Desde el punto de vista del alumnado universitario, la cultura del emprendimiento cada día adquiere un papel más relevante, no sólo como una opción para la incorporación al mundo laboral, sino como una manera de desarrollar la orientación personal que el individuo debe tomar respecto a su actitud ante el trabajo para favorecer su propio desarrollo personal y profesional. Estoy convencido de que interiorizar esta cultura del emprendimiento y desarrollar la capacidad de innovar, de tomar decisiones y de acometer nuevas iniciativas les proporcionará a nuestros egresados y egresadas unas mejores opciones de promoción en su carrera laboral.

La cultura del emprendimiento, entendida desde esta perspectiva global, integradora y transversal, se convierte así en un valor inherente al espíritu universitario en todos sus niveles. Su fomento llevará a un incremento, en primer lugar de las actividades de transferencia del conocimiento hacia la sociedad, en segundo lugar del número de empresas creadas desde la universidad a partir del conocimiento adquirido y generado en ella y que sean capaces de aplicarlo para el desarrollo de productos y servicios útiles a la sociedad, y finalmente de la valoración de nuestro alumnado en el momento de su incorporación a puestos de trabajo por cuenta ajena como personal capacitado para aportar soluciones e iniciativas que redunden en beneficio de la parte empleadora.

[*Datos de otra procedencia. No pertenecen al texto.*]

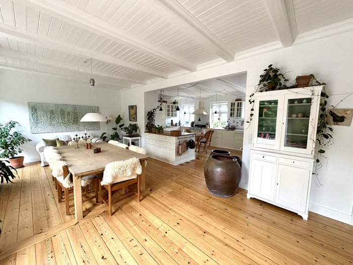 Boligen fremstår indbydende og velholdt med et nyere tag fra 2025, som både sikrer et flot helhedsindtryk og giver tryghed i mange år frem. Indendørs mødes du af en lys og luftig stemning, hvor det høje loft bidrager til en fantastisk rumfornemmelse. De store opholdsrum får masser af naturligt lys, hvilket skaber en varm og imødekommende atmosfære i hele hjemmet.

De igual forma, resulta imprescindible fomentar la unión de las iniciativas emprendedoras del alumnado universitario y del personal de la UJA (PDI y PAS), dado que desde la colaboración pueden desarrollarse ideas y proyectos de mayor recorrido y con mayor capacidad de adaptación y supervivencia a lo largo del tiempo. El conocimiento y la experiencia del profesorado aportan una base necesaria para que sea posible el proceso de la transferencia mediante la creación de una empresa, lo que se complementa con el empuje y la disponibilidad del alumnado que inicia de esta manera una nueva experiencia profesional. El fomento de este ejercicio, de éxito reconocido en diferentes universidades, es un eje esencial de mi propuesta como candidato a Rector de la Universidad de Jaén.